*** Opening DATA TO PROCESS ***

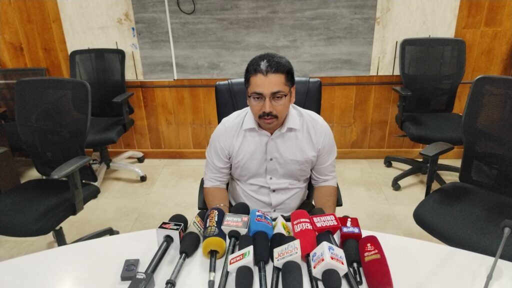 இராமநாதபுரம் மாவட்ட ஆட்சியர் அலுவலக கூட்டரங்கில் மாவட்ட தேர்தல் அலுவலர் மாவட்ட ஆட்சித்தலைவர் சிம்ரன்ஜீத் சிங் காலோன் தலைமையில் வாக்காளர் பட்டியலில் சிறப்பு தீவிர திருத்தம் தொடர்பான கணக்கீட்டு படிவம் பூர்த்தி செய்வது குறித்து செய்தியாளர் சந்திப்பு நடைபெற்றது.
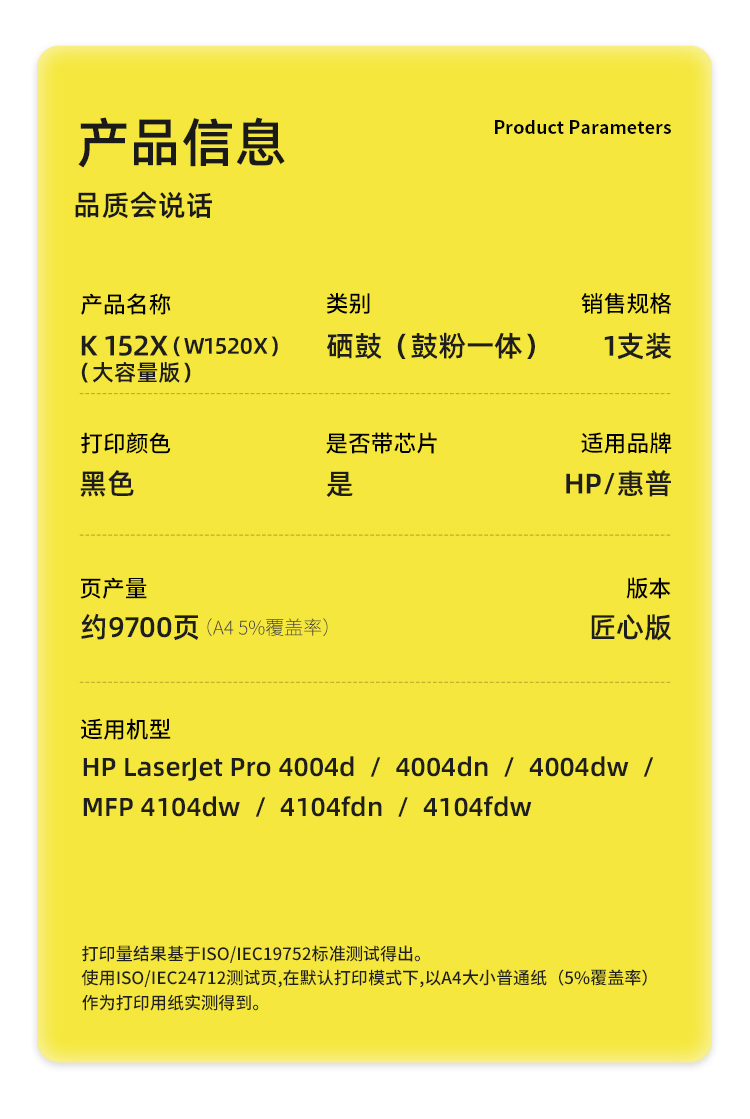 科思特(KST)兼容K 152X(W1520X)匠心版大容量硒鼓(鼓粉一体)黑色(适用惠普4004d/4004dn/4004dw/MFP 4104dw/4104fdn/4104fdw )打印页数:9700页(单位:支)
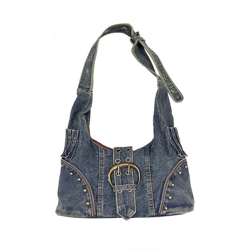 美式复古牛仔包街头潮流斜挎包学生通勤大容量高级设计感托特包女
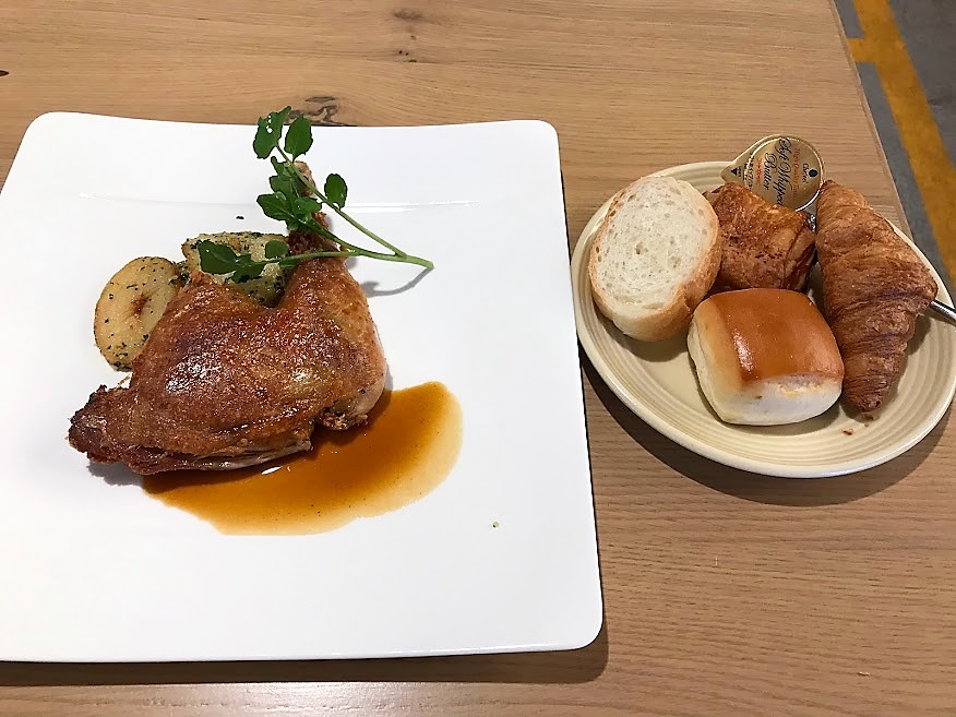 - メインの「もも肉のコンフィ」が極上。表面パリッ、中しっとり柔らか。めちゃウマだ。しかも、、あら不思議、造作なく骨からポロリと肉が取れて、、シェフの見事な腕前に感服だ。
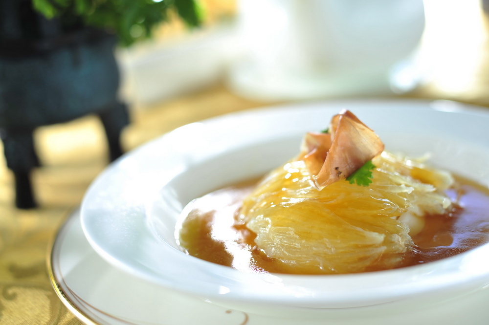 以傳統(tǒng)粵菜配合美景的中餐廳君綽軒,更為賓客締造味覺、視覺同享的品賞盛宴,圖為菜膽肘子片燉鮑翅
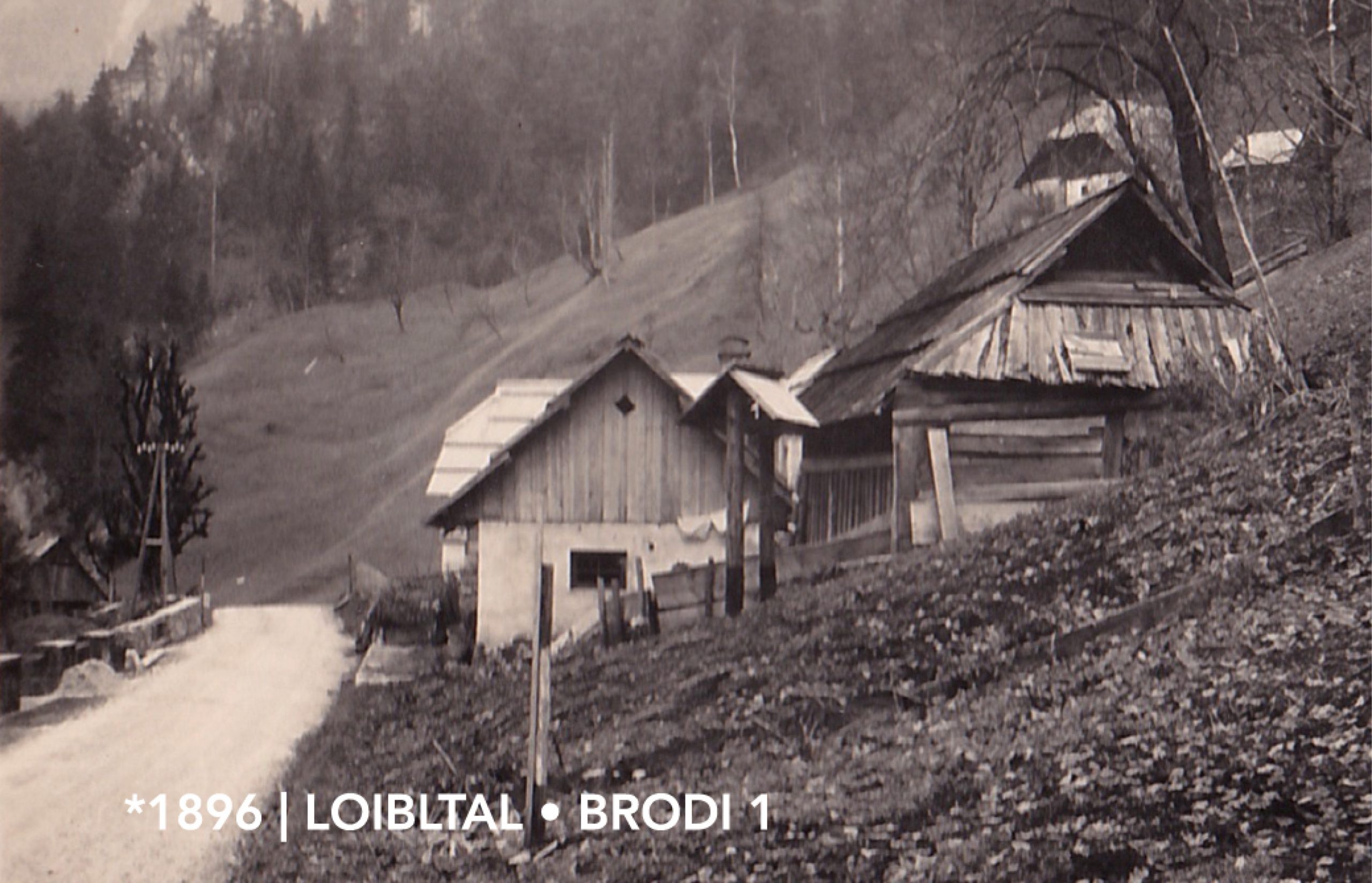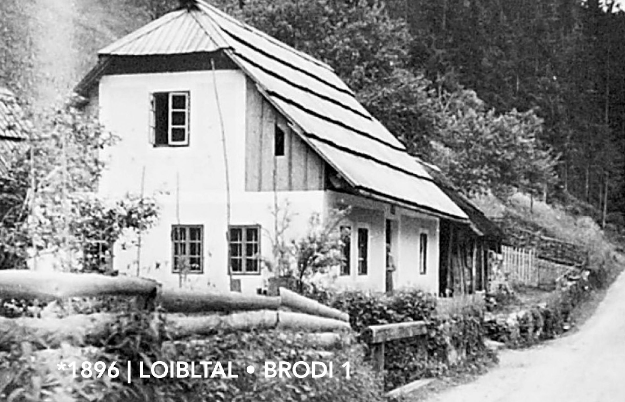 In 1896 Miha and Neža Kohlnprat build the house Brodi 1 and move with their three children, Mizi, Lena and Tona, from the alp to the valley. Miha has just got a job as a imperial and royal road mender. The house is a residence, but also a storage place for materials and tools needed in road construction. Another four children, Hanzi, Betti, Paul and Miha, are born in the house Brodi 1.
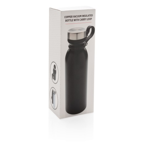 Герметичная вакуумная бутылка Copper с удобной силиконовой петлей. Теперь вы можете пить любые напитки одной рукой, не думая о том, куда положить крышку от бутылки. Двойные стенки с вакуумной медной изоляцией позволят напитку оставаться теплым в течение 8 часов и прохладным в течение 24 часов. Конструкция бутылки предотвращает конденсацию снаружи бутылки. Объем: 600 мл.
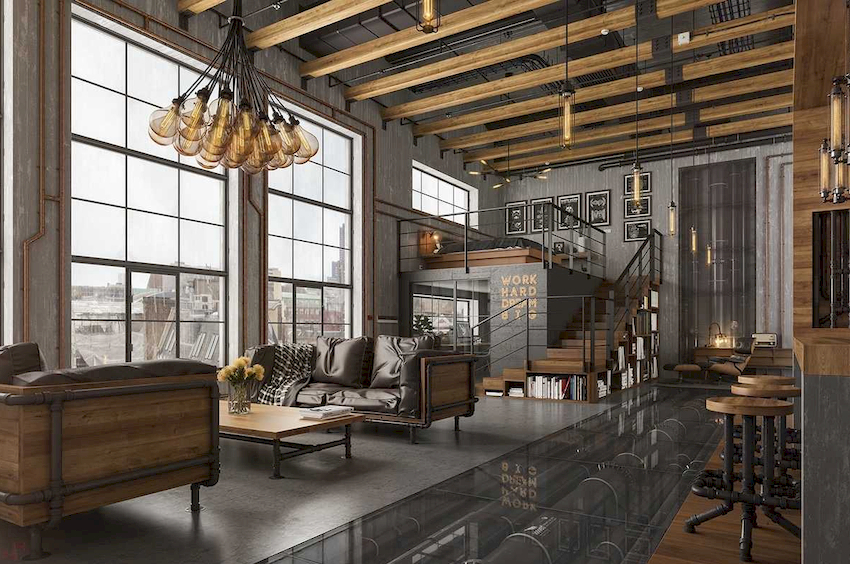 Candelier siling reka bentuk yang tidak biasa secara organik akan sesuai dengan gaya loteng, yang menyerupai roda dengan lampu dipasang di dalamnya.
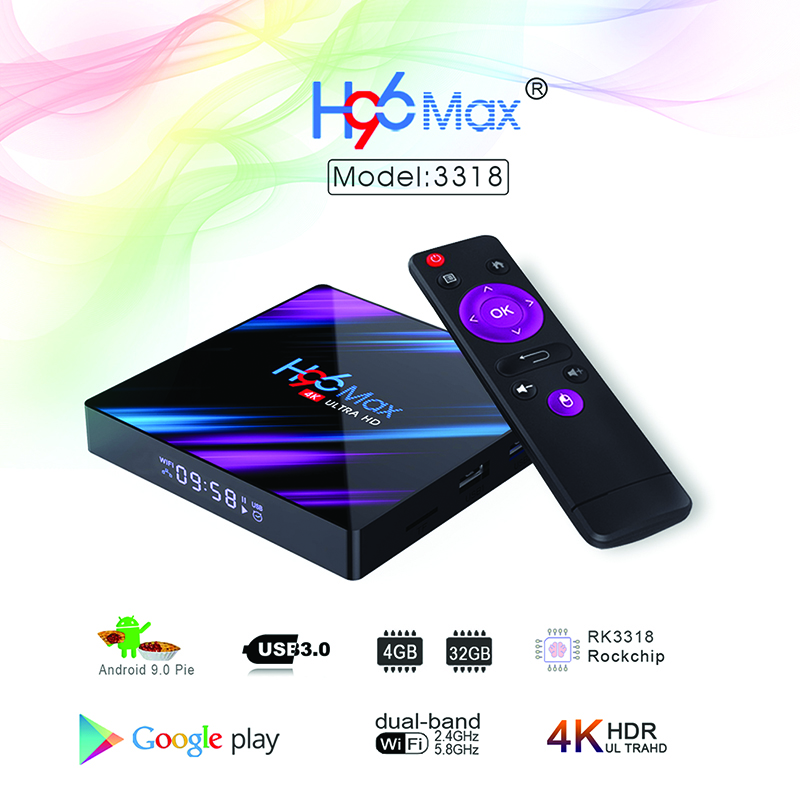H96 max 3318 Quad-Core 4+64G Android 9.0 HD Smart Network Media Player TV Box EU plug
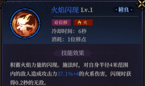 火焰闪现:少有的火系位移技能,使用期间造成伤害且有短暂的无敌时间,升阶后不仅能增加给敌人上debuff的效果,还能缩短本就短暂的冷却时间,规避伤害时很好用。
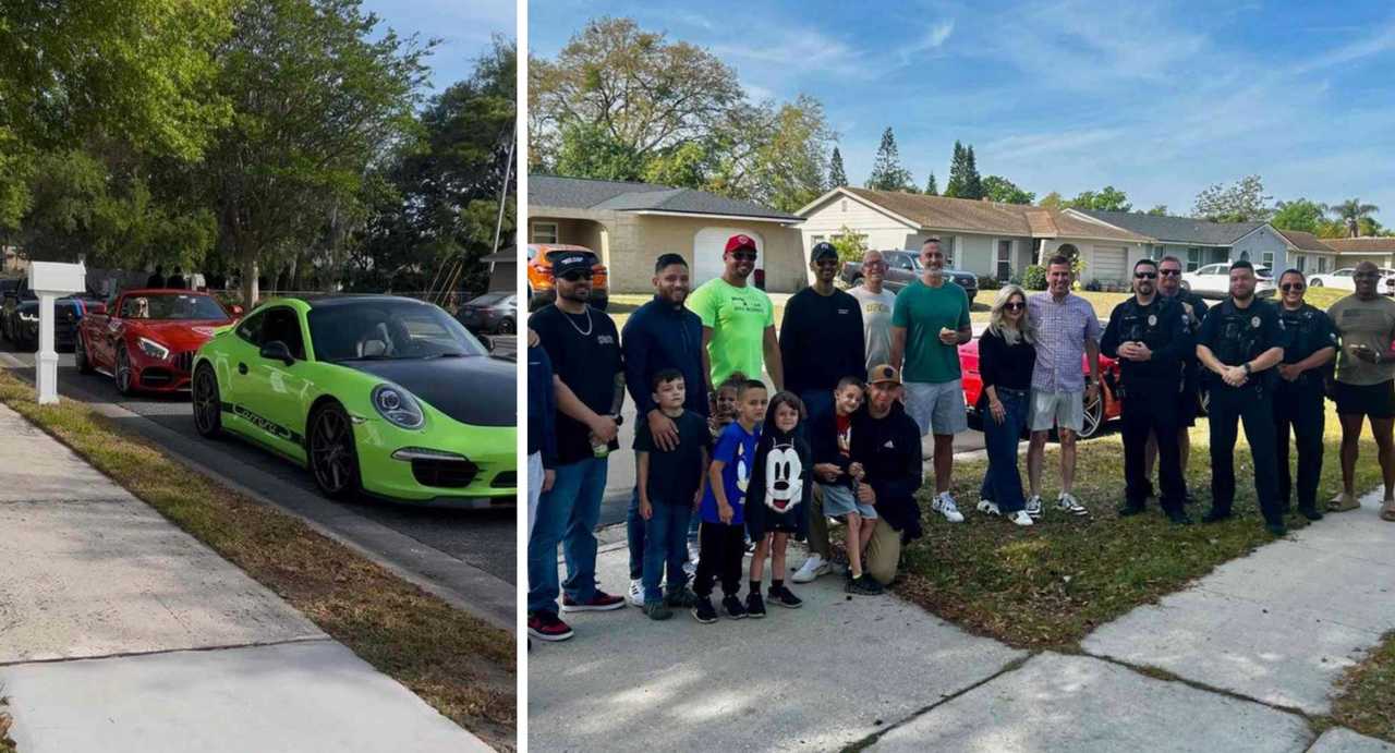 Talk about a birthday bash: About a dozen high-end cars arrived on their street to celebrate Kosta's big day. Many were coordinated by local car enthusiast Mike Mallozzi, who saw the post and started gathering fellow drivers.

*** Closing DATA TO PROCESS ***

INSTRUCTIONS TO FOLLOW:
Every line above must appear in the answer unchanged, and no picture may appear in it.

SOLUTION FOR THIS EXERCISE:
 இராமநாதபுரம் மாவட்ட ஆட்சியர் அலுவலக கூட்டரங்கில் மாவட்ட தேர்தல் அலுவலர் மாவட்ட ஆட்சித்தலைவர் சிம்ரன்ஜீத் சிங் காலோன் தலைமையில் வாக்காளர் பட்டியலில் சிறப்பு தீவிர திருத்தம் தொடர்பான கணக்கீட்டு படிவம் பூர்த்தி செய்வது குறித்து செய்தியாளர் சந்திப்பு நடைபெற்றது.
 科思特(KST)兼容K 152X(W1520X)匠心版大容量硒鼓(鼓粉一体)黑色(适用惠普4004d/4004dn/4004dw/MFP 4104dw/4104fdn/4104fdw )打印页数:9700页(单位:支)
 美式复古牛仔包街头潮流斜挎包学生通勤大容量高级设计感托特包女
 - メインの「もも肉のコンフィ」が極上。表面パリッ、中しっとり柔らか。めちゃウマだ。しかも、、あら不思議、造作なく骨からポロリと肉が取れて、、シェフの見事な腕前に感服だ。
 以傳統(tǒng)粵菜配合美景的中餐廳君綽軒,更為賓客締造味覺、視覺同享的品賞盛宴,圖為菜膽肘子片燉鮑翅
 In 1896 Miha and Neža Kohlnprat build the house Brodi 1 and move with their three children, Mizi, Lena and Tona, from the alp to the valley. Miha has just got a job as a imperial and royal road mender. The house is a residence, but also a storage place for materials and tools needed in road construction. Another four children, Hanzi, Betti, Paul and Miha, are born in the house Brodi 1.
 Герметичная вакуумная бутылка Copper с удобной силиконовой петлей. Теперь вы можете пить любые напитки одной рукой, не думая о том, куда положить крышку от бутылки. Двойные стенки с вакуумной медной изоляцией позволят напитку оставаться теплым в течение 8 часов и прохладным в течение 24 часов. Конструкция бутылки предотвращает конденсацию снаружи бутылки. Объем: 600 мл.
 Candelier siling reka bentuk yang tidak biasa secara organik akan sesuai dengan gaya loteng, yang menyerupai roda dengan lampu dipasang di dalamnya.
H96 max 3318 Quad-Core 4+64G Android 9.0 HD Smart Network Media Player TV Box EU plug
 火焰闪现:少有的火系位移技能,使用期间造成伤害且有短暂的无敌时间,升阶后不仅能增加给敌人上debuff的效果,还能缩短本就短暂的冷却时间,规避伤害时很好用。
 Talk about a birthday bash: About a dozen high-end cars arrived on their street to celebrate Kosta's big day. Many were coordinated by local car enthusiast Mike Mallozzi, who saw the post and started gathering fellow drivers.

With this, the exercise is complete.